Seguro que como nosotros y después de más de treinta días de confinamiento, has pasado por muchas fases: agobio, dudas, cierto temor, esperanza… A esto, se le suma una mayor o menor exposición a la cantidad de información que nos rodea. Seguro que al principio, estabas muy pendiente de cómo iba la dichosa curva y el baile de cifras. Luego decidiste mantenerte un poco al margen para levantar el ánimo. Habrás compartido memes, habrás enviado mensajes a gente con la que hacía tiempo que no hablabas, te has quedado en casa, aplaudes con puntualidad… y has pensado. Mucho. Constantemente.

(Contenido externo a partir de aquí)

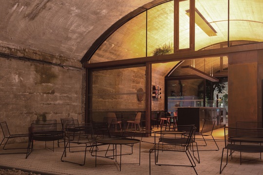 In zwei hintereinanderliegenden Viaduktbögen der Innsbrucker „Bogenmeile“ wurde im Zuge der Errichtung der neuen S-Bahn-Haltestelle eine zweiseitig geöffnete Café-Bar realisiert. Der straßenseitige Bogen beherbergt das eigentliche Lokal, der südseitige wurde in eine gedeckte Loggia transformiert. Das Innere wird geprägt durch den Kontrast zwischen der vorhandenen Substanz und maßgefertigten, matt schwarz lasierten Möbeleinbauten aus Verpackungssperrholz.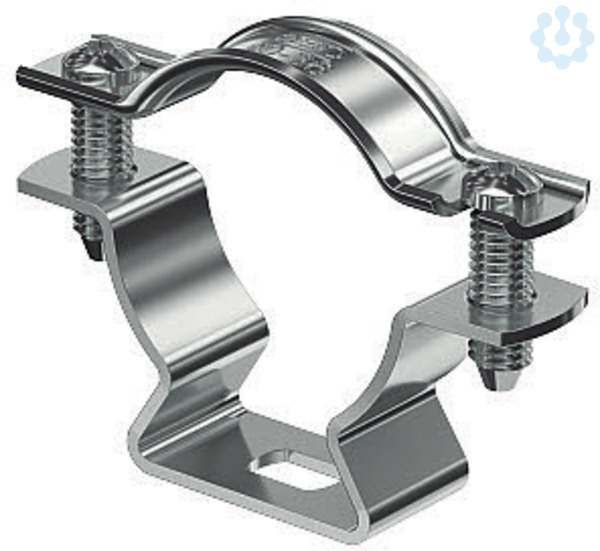 Abstandschelle zur Montage von Rohren und Kabeln an Wand, Decke und Boden. Mit selbstsicherndem Oberteil. Befestigung über Langloch. Ab der Schellengröße 20 geeignet für Montage mit Nagelgerät oder Bolzensetzgerät.

Del pensar y las conclusiones vs. ilusiones sin fundamento

Sin duda, el mundo ha frenado en seco y se está reseteando. Puede que nosotros también con él. Aunque está claro que la rueda volverá a girar de alguna forma, lo peor de todo es la repentina y escandalosa pérdida de vidas que no volverán. Abruma pensar además, que esas pérdidas «no sirvan para nada» (si es que lo podemos denominar así). ¿Saldrá algo bueno de todo esto? ¿Cambiaremos un poco? ¿Tendremos otras prioridades? ¿Valoraremos más algunas cosas del día a día que normalmente pasábamos por alto? Ahora que tenemos tiempo para pensar, ¿qué es lo que realmente queremos tener en nuestras vidas? De estas preguntas, nace un video. De esos con los que queremos intentar contar cosas o hacer pensar mientras también lo hacemos nosotros.

 

¿Y después?

Por un lado, surge la ilusión de pensar que es una oportunidad para que haya un cambio a mejor. Que el mundo puede que no vuelva a la anormalidad y que vamos a captar el mensaje. Casi al instante, también aparece la alargada sombra de que pasada la novedad y cuando ocurra lo que tenga que ocurrir, todo quedará en un mal recuerdo y seguiremos como si nada hacia donde quiera que estemos yendo. Así que, ¿en qué lado quieres estar?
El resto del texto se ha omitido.